Indonesia kebangsaankoe,
Kebangsaan tanah airkoe,
Marilah kita berseroe:
“Indonesia Bersatoe”.
Hidoeplah tanahkoe,
Hidoeplah neg’rikoe,
Bangsakoe, djiwakoe, semoea,
Bangoenlah rajatnja,
Bangoenlah badannja,
Oentoek Indonesia Raja.
Bait / Stanza II
Indonesia, tanah jang moelia,
Tanah kita jang kaja,
Disanalah akoe hidoep,
Oentoek s’lama-lamanja.
Indonesia, tanah poesaka,
Poesaka kita semoea,
Marilah kita mendoa:
“Indonesia Bahagia”.
Soeboerlah tanahnja,
Soeboerlah djiwanja,
Bangsanja, rajatnja, semoeanja,
Sedarlah hatinja,
Sedarlah boedinja,
Oentoek Indonesia Raja.
Bait / Stanza III
Indonesia, tanah jang soetji,
Bagi kita disini,
Disanalah kita berdiri,
Mendjaga Iboe sedjati.
Indonesia, tanah berseri,
Tanah jang terkoetjintai,
Marilah kita berdjandji:
“Indonesia Bersatoe”
S’lamatlah rajatnja,
S’lamatlah poet’ranja,
Poelaoenja, laoetnja, semoea,
Madjoelah neg’rinja,
Madjoelah Pandoenja,
Oentoek Indonesia Raja.
Refrain untuk tiap bait ;
Indones’, Indones’,
Moelia, Moelia,
Tanahkoe, neg’rikoe jang koetjinta.
Indones’, Indones’,
Moelia, Moelia,
Hidoeplah Indonesia Raja.
Jika kita perhatikan
teks tersebut memiliki kedekatan dengan syair, sajak, gurindam atau pantun yang
memiliki pola a-b-a-b atau a-a-a-a dengan pola baris empat hingga enam baris.
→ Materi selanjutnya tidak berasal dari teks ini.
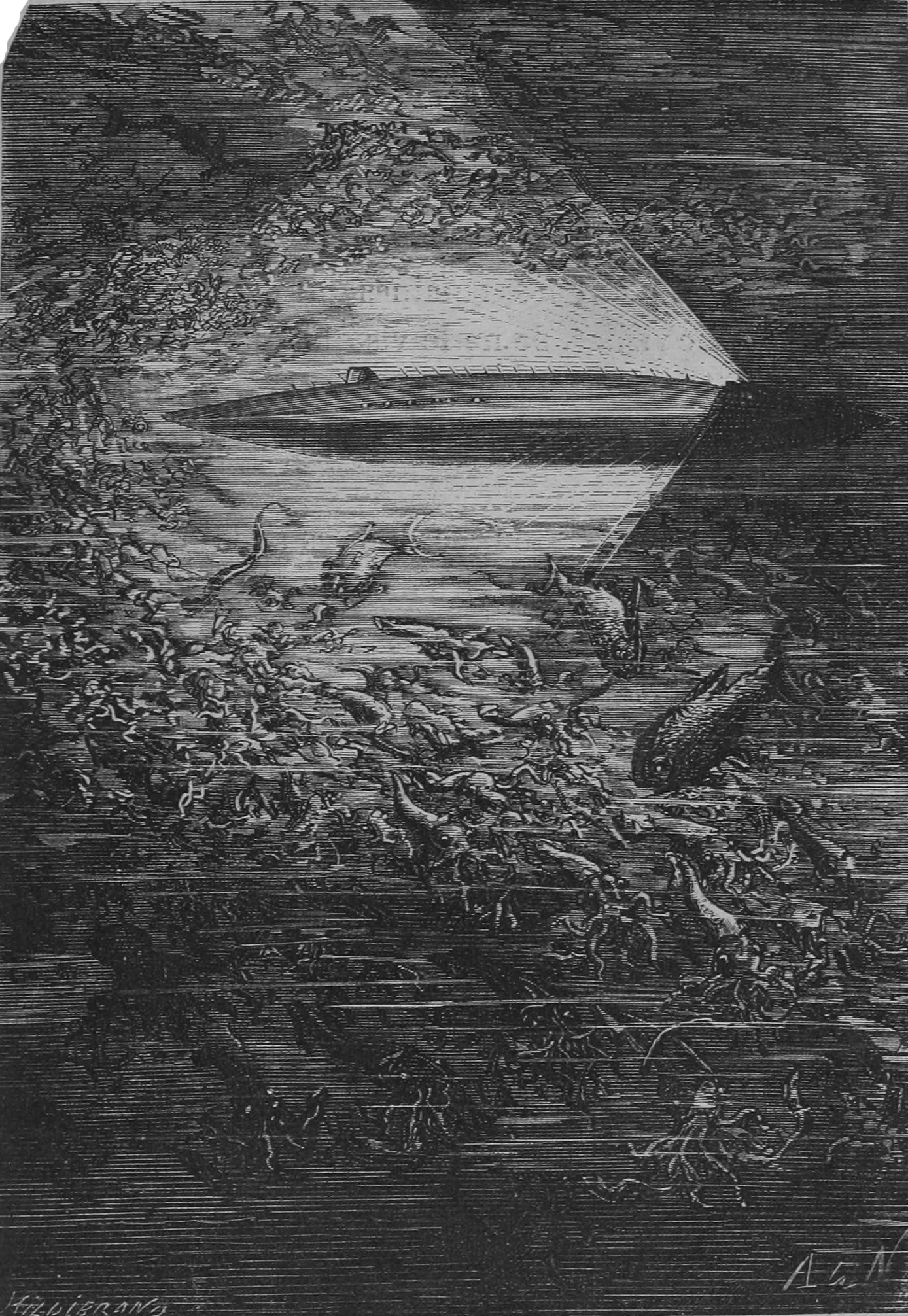 Image from scan vingtmillelieue00vern_orig_0147.jp2

Nah, semakin terang benderang bukan bagaimana puisi
dapat menanamkan suatu gagasan, ide, khayalan dan cita-cita sekaligus
menggerakan pikiran, hati untuk melakukan pengorbanan agar terwujudnya
cita-cita tersebut.
Jika
kita perhatikan sekarang ini, di dalam Indonesia yang telah terwujud sebagai
negara dan memiliki kemerdekaan atas rakyatnya, puisi sering dilupakan.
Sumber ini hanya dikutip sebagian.